We currently track the performance of around 1,100 angel investors and co-invest with almost 50 of the top-performing super angels. In the short-term, we want to identify all of the UK’s super angels and invest across all of their deals to replicate their collective success.”
What are your thoughts on Brexit? How will this impact SyndicateRoom’s operations and the crowdfunding sector in general?
“Entrepreneurs thrive in uncertainty and even in the most severe downturns that we’ve modeled, the startup ecosystem appears very resilient. For the long-term, it’s imperative that the government keeps the UK’s doors wide open to entrepreneurs and startup talent if we want to keep our status as Europe’s top destination to build tech companies.”
SyndicateRoom’s portfolio has several health-related startups. Do you expect this trend to continue? Is there any other sector where you see an opportunity for capital formation?

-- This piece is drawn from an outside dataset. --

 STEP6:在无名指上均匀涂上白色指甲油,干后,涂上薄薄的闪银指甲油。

“We are completely sector agnostic. The areas we invest in are largely determined by what the super angels we follow to invest in and historically this has been weighted towards life science businesses. We’re very proud of our life sciences portfolio, not only for its investment potential but also because of the colossal impact it can have on the future of our health. I’d like to see us continue to support this sector in a big way.”

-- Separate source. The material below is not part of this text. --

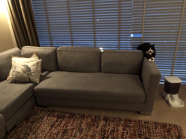 Heerlijk zittende design hoekbank van Verzelloni met afneembare hoezen voor 7 personen (300x275). De rits van 1 hoes moet vervangen worden. De stof is blauw/bruin gemêleerd. Gratis op te halen vanaf vandaag 23 feb 2021.

How do you make decisions in the event you come across interrelated opportunities with great potential?
“We don’t try to choose between companies on perceived merit – instead, we focus on building highly-diversified portfolios of companies backed by super angels. If two competing companies receive backing from a super angel and meet our other criteria, then we’d likely invest in both.”
As a start-up yourself, how does your experience over the years help other startups achieve success?
“Especially in the early days, we too had to spend a lot of time and effort on fundraising for ourselves. Fundraising can be a colossal distraction for any team and we’ve since been designing our services to be as entrepreneur-friendly as possible. For example, as we do so much analysis and due diligence upfront on the super angels, we can move very quickly when it comes to investing in companies. From the first contact with an entrepreneur, we are able to make a commitment to invest in their company within 10 days.”
Since joining the market in 2013, what has been your biggest challenge while sourcing for investors?
“The biggest challenge (and one that isn’t really ever addressed) is that there aren’t that many startup investors in the UK. According to HMRC records there are fewer than 40,000 individuals who claim EIS tax relief (by investing in startups) and that number isn’t growing. So, the challenge for all the platforms has been about growing the market.
We’re banking that Access EIS will open the startup investing market to hundreds of thousands of new investors, with highly-diversified portfolios, low fees and accessible minimum investments. We see ourselves as popularising startup investing in the same way that Vanguard did with stocks and shares.”
What does the future hold for SyndicateRoom and the crowdfunding sector in general?
“Our future will be around fulfilling our vision of a world where anyone can be or back an entrepreneur. Though unlike crowdfunding platforms, we will deliver on this via our funds. We believe that pooling capital into funds is the best way to get much-needed capital to high-potential entrepreneurs, and get ambitious investors – both large and small – into top startup deals that deliver consistent returns for them.”
Thank you, Graham, for the conversation!